Taneja and Visa then spent a few years—and $3.5 billion in total—rebuilding the company’s data platform from scratch, including rebuilding and rearchitecting systems to support more modern technologies like digital and mobile commerce, as well as tokenization, which replaces the 16-digit number found on a card with a digital “token” that Visa says reduces the risk of a data breach. The refreshed data platform also helped position Visa for the generative AI boom.
Visa’s researchers had been exploring generative AI but it was after the ChatGPT breakthrough in late 2022 that Taneja and his team created rules to protect the company’s data, avoid any copyright infringement, and ensure the models Visa uses are compliant with regulations. The company also gave nearly all its workforce access to a secure, internal version of ChatGPT, and it has licenses with Microsoft Copilot for software developers and the sales team.
“We give unfettered access, but with the guardrails and the controls that we built at the beginning,” says Taneja.
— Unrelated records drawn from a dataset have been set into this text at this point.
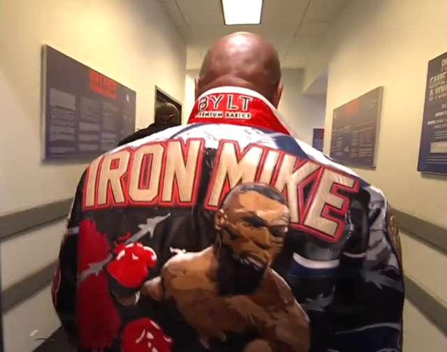 Mike Tyson, tarihi boks maçı için TSİ 05.30 sularında müsabakanın gerçekleştirileceği Teksas eyaletine bağlı Arlington şehrindeki 80 bin kişilik ATT Stadı’na geldi. Tyson’un giydiği ceketin üzerinde “Iron Mike (Demir Mike) yazması dikkat çekti. Efsane boksör’ün ceketi, tüm dünyanın gözünün kulağının çevrildiği müsabaka öncesinde gündem oldu.
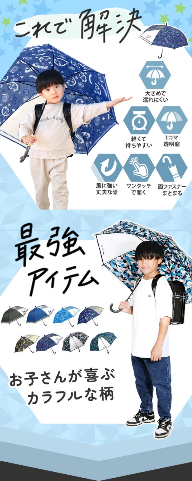 子供傘 55センチ 通販 傘 子供 55cm ジャンプ傘 キッズ 子ども 男の子 1コマ 透明窓付き こども傘 長傘 子供用 ワンタッチ 丈夫 折れにくい グライファイバー骨 かっこいい 雨傘
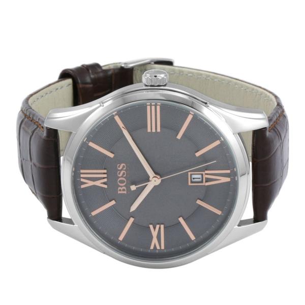 Hugo Boss Ambassador Grey Dial Leather Strap Men's Watch 1513041 es un reloj funcional y muy impresionante para caballeros. El material de la caja es acero inoxidable, lo que representa una alta calidad del artículo y la esfera gris le da al reloj un aspecto único. Las características del reloj incluyen (entre otras) una función de fecha. En cuanto a la resistencia al agua, el reloj tiene una resistencia de hasta 30 metros. Significa que se puede usar en escenarios donde es probable que se salpique pero no se sumerja en agua. Se puede usar mientras se lava las manos y estará bien bajo la lluvia.
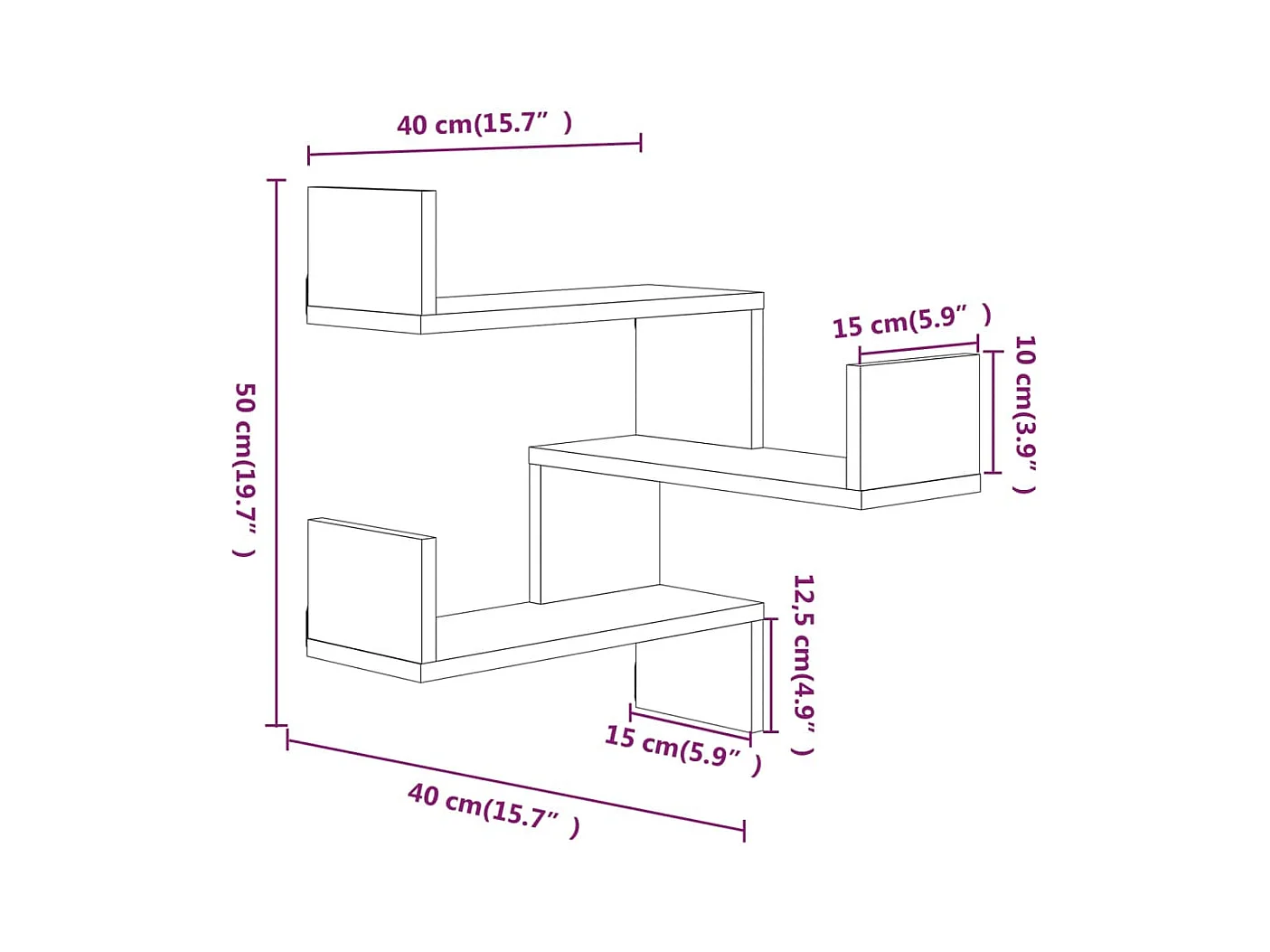 Estante de canto 40x40x50 cm derivados madeira carvalho fumado

Today, Visa has embedded more than 100 products with AI and generative AI technologies. Fraud prevention is a big area of focus for Visa’s generative AI applications, especially because bad actors are also using generative AI for phishing attacks, helping scammers craft emails, texts, or calls to extract personal banking information from their victims.
Some newer generative AI tools include Visa Account Attack Intelligence, which uses the technology to identify and score attacks before a merchant is compromised, and Visa Protect for Account to Account Payments, which provides a risk score to assist financial institutions and automatically block bad transactions deemed suspicious.